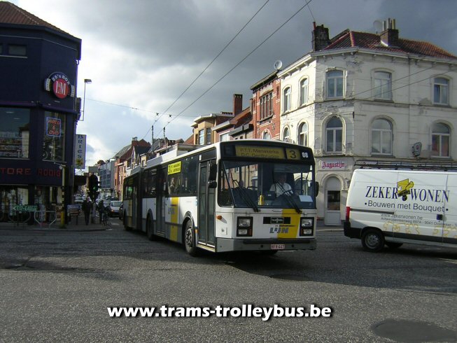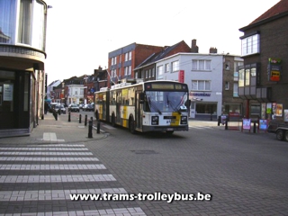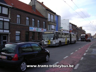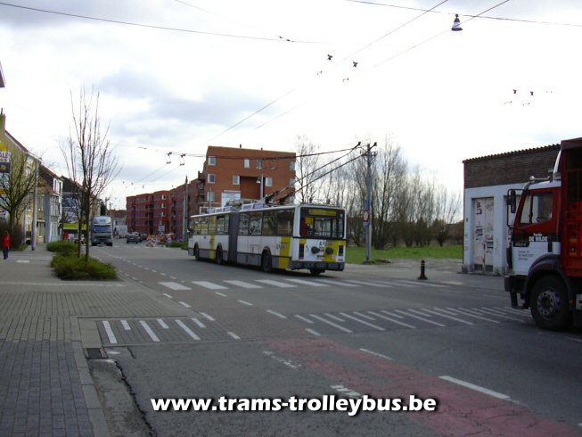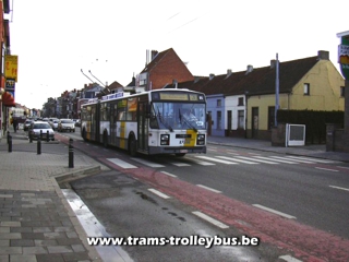 We zijn de Rooigemlaan over. De 14 in volle actie op de Brugse steenweg. De snelheid van de trolleybus overschrijdt zelden de 50km/h en meestal zelfs de 35km/h 25-2-04 |
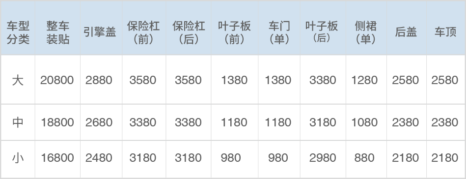 | 车型分类 | 整车装贴 | 引擎盖 | 前保险杠 | 后保险杠 | 前叶子板 | 车门 | 后叶子板 | 侧裙 | 后盖+车尾 | 车顶 |
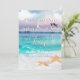 Convite de casamento Estamos fazendo isso - Céu cor-de-rosa e lavanda do sol com nuvens fofinhas, o nascer do sol apenas começando a refletir sobre as ondas do oceano. Arranjo tropical clássico para o casamento perfeito na praia ou para o casamento na ilha de destino.
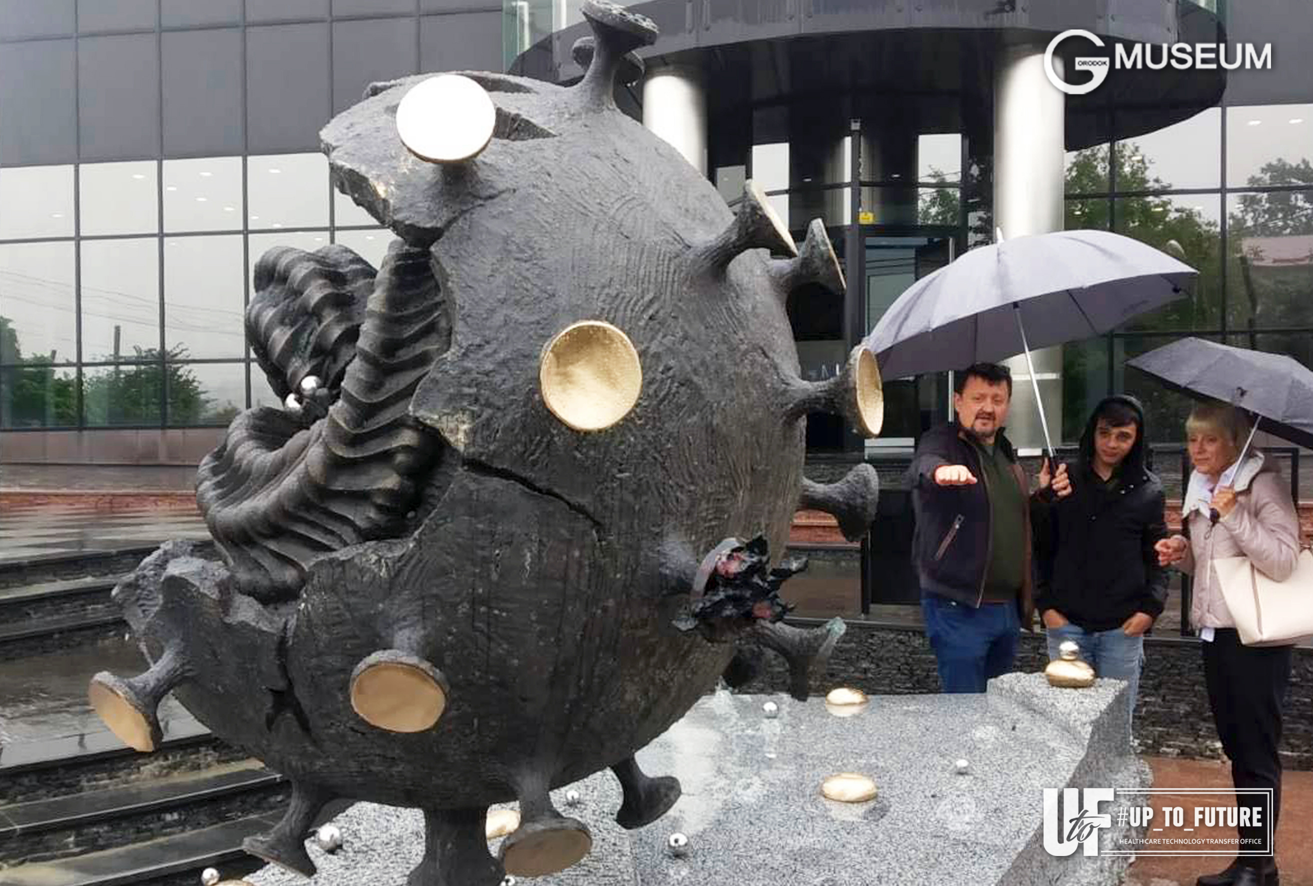 В городе Городок Хмельницкой области открыли памятник в виде молекулы COVID-19. Его посвятили врачам, которые спасли тысячи украинцев во время пандемии.
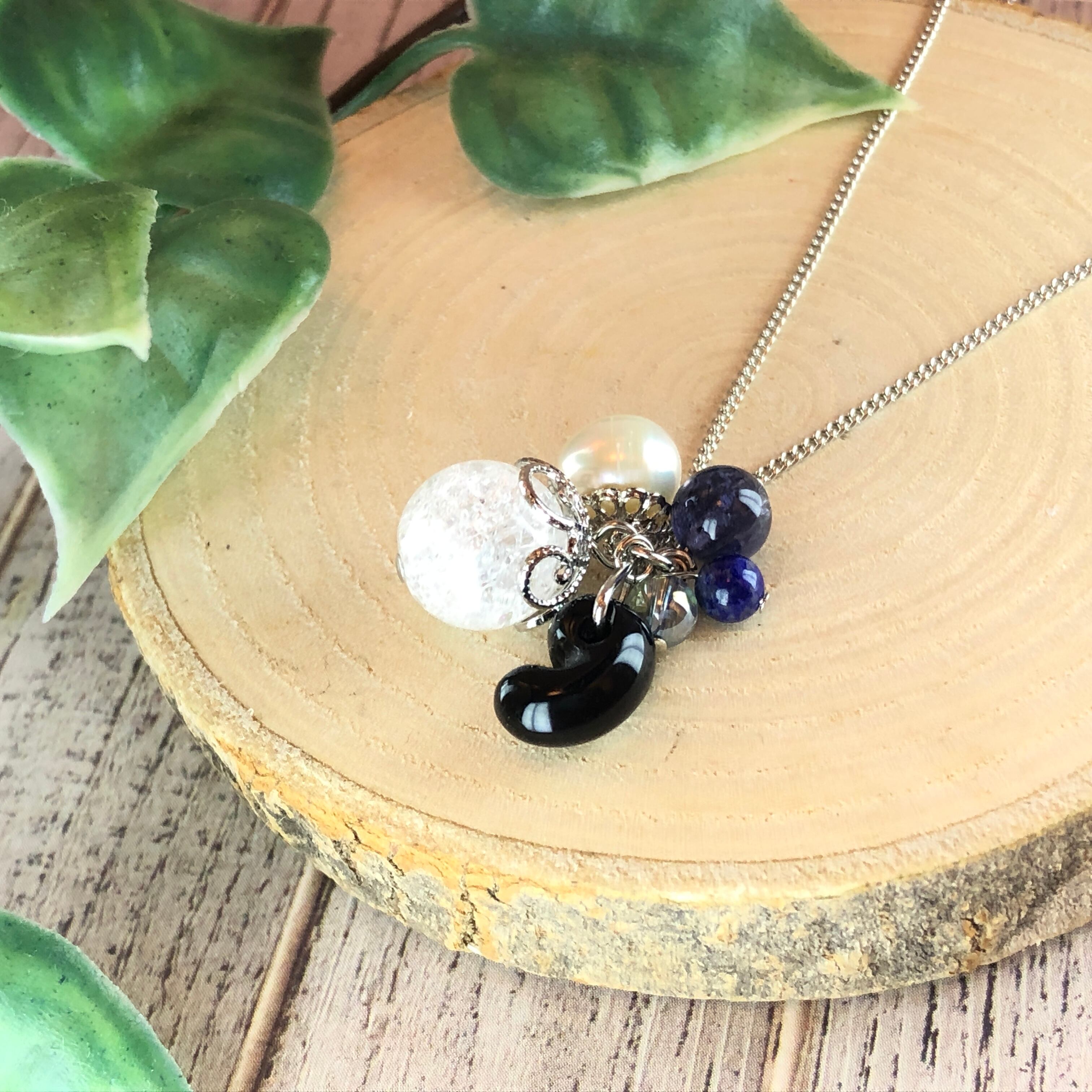 そんな勾玉と様々な天然石を組み合わせ、ころんとした可愛らしいネックレスに仕上げました。
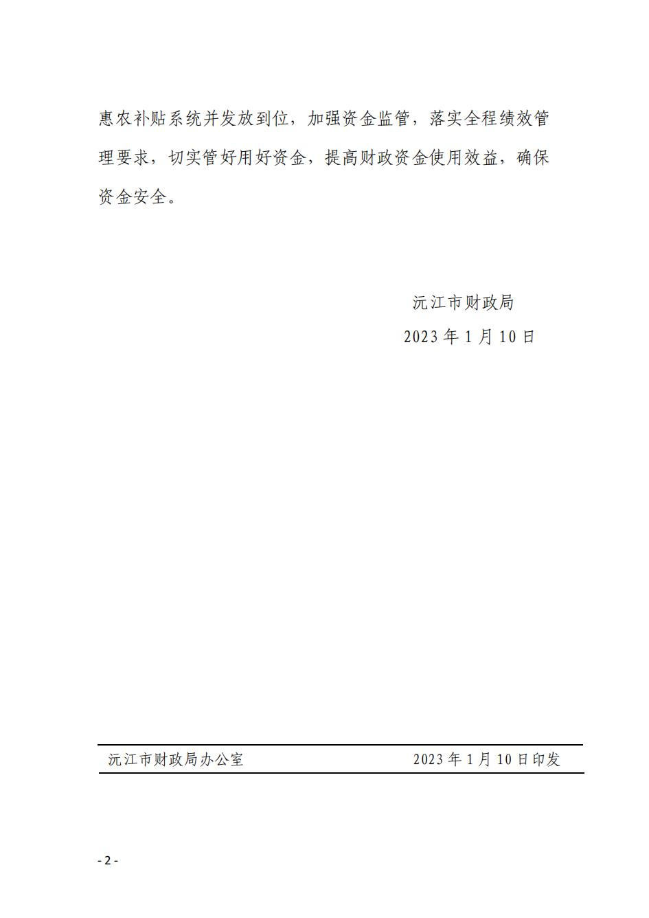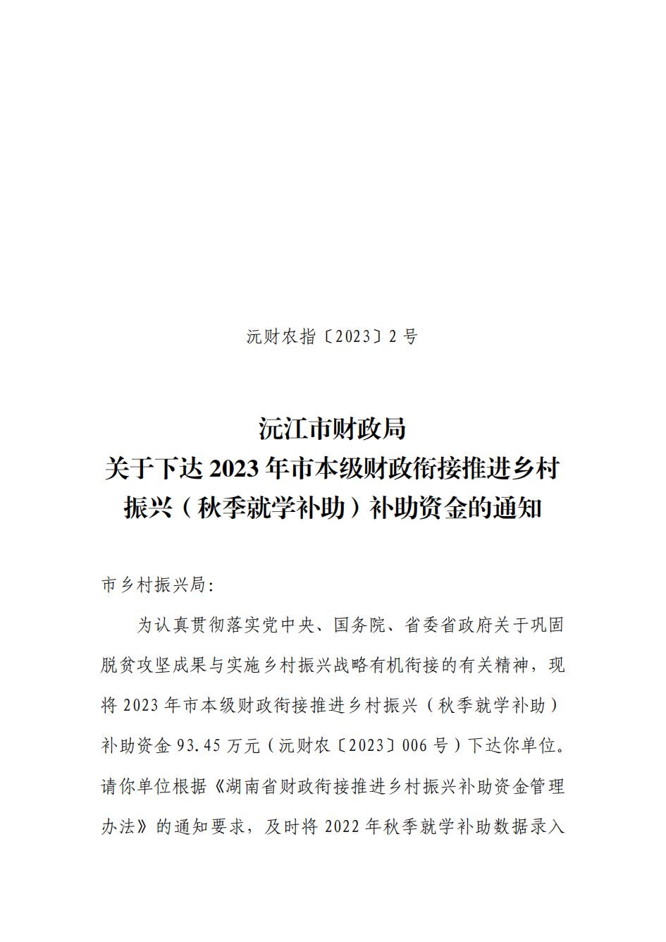沅財農指〔2023〕2號 關于下達2023年市本級財政銜接推進鄉村振興(秋季就學補助)補助資金的通知
+++
» **Task instructions**: Copy all the material exactly; omit images.

» **Response**:
 We zijn de Rooigemlaan over. De 14 in volle actie op de Brugse steenweg. De snelheid van de trolleybus overschrijdt zelden de 50km/h en meestal zelfs de 35km/h 25-2-04 |
 | 车型分类 | 整车装贴 | 引擎盖 | 前保险杠 | 后保险杠 | 前叶子板 | 车门 | 后叶子板 | 侧裙 | 后盖+车尾 | 车顶 |
 Convite de casamento Estamos fazendo isso - Céu cor-de-rosa e lavanda do sol com nuvens fofinhas, o nascer do sol apenas começando a refletir sobre as ondas do oceano. Arranjo tropical clássico para o casamento perfeito na praia ou para o casamento na ilha de destino.
 В городе Городок Хмельницкой области открыли памятник в виде молекулы COVID-19. Его посвятили врачам, которые спасли тысячи украинцев во время пандемии.
 そんな勾玉と様々な天然石を組み合わせ、ころんとした可愛らしいネックレスに仕上げました。
沅財農指〔2023〕2號 關于下達2023年市本級財政銜接推進鄉村振興(秋季就學補助)補助資金的通知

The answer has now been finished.